WHAT IS REQUIRED = Your copy should hold only the lines from the one holding "Gurudev Ji will" through the last line of the records below, both included, each exact and with no pictures.

[Stored items from a collection]
⟨

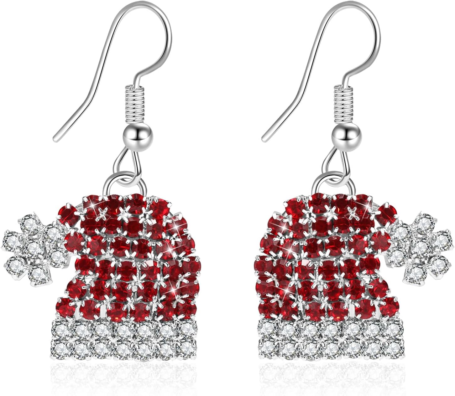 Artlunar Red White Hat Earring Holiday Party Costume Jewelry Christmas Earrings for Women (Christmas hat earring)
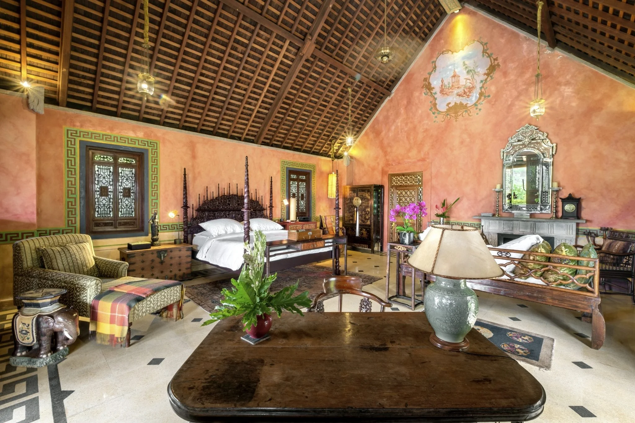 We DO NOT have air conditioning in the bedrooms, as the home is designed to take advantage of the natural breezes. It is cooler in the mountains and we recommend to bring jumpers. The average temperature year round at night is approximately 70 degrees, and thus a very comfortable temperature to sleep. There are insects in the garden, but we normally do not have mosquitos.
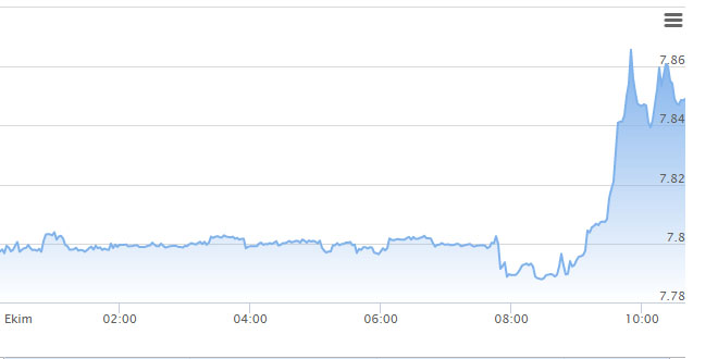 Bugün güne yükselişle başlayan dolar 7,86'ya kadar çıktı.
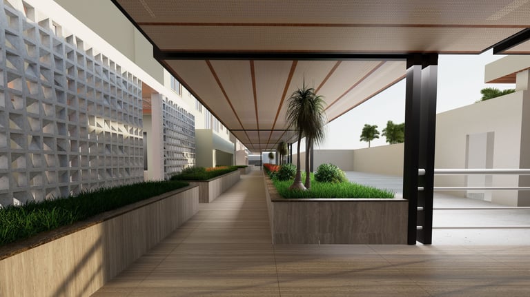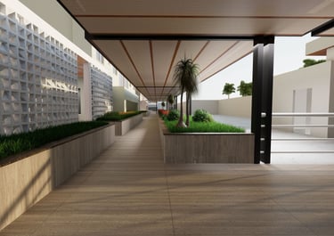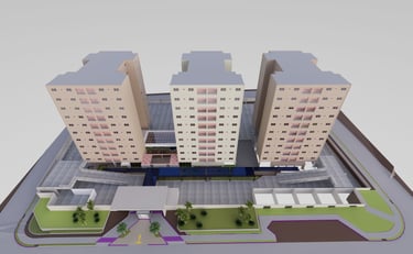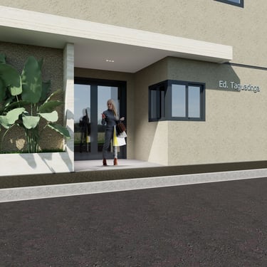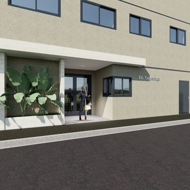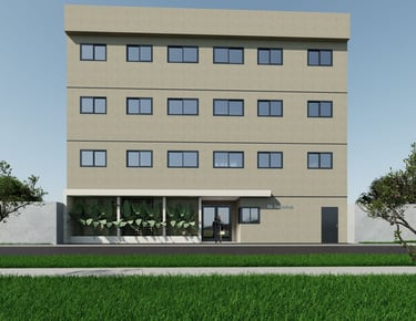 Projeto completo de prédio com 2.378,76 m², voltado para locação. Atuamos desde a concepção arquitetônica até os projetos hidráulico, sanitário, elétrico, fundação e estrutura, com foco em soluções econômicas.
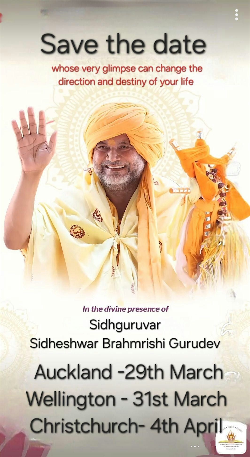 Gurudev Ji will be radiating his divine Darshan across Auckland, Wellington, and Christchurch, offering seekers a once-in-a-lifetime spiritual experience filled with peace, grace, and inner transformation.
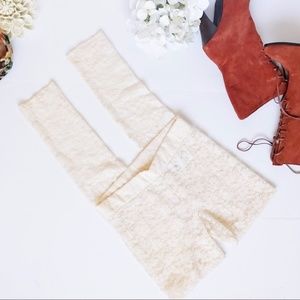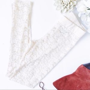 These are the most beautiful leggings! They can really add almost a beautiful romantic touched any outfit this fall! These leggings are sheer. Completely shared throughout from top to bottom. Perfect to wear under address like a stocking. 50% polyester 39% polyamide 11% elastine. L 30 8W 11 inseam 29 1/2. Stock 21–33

⟩

WRITTEN ANSWER =
 Gurudev Ji will be radiating his divine Darshan across Auckland, Wellington, and Christchurch, offering seekers a once-in-a-lifetime spiritual experience filled with peace, grace, and inner transformation.
 These are the most beautiful leggings! They can really add almost a beautiful romantic touched any outfit this fall! These leggings are sheer. Completely shared throughout from top to bottom. Perfect to wear under address like a stocking. 50% polyester 39% polyamide 11% elastine. L 30 8W 11 inseam 29 1/2. Stock 21–33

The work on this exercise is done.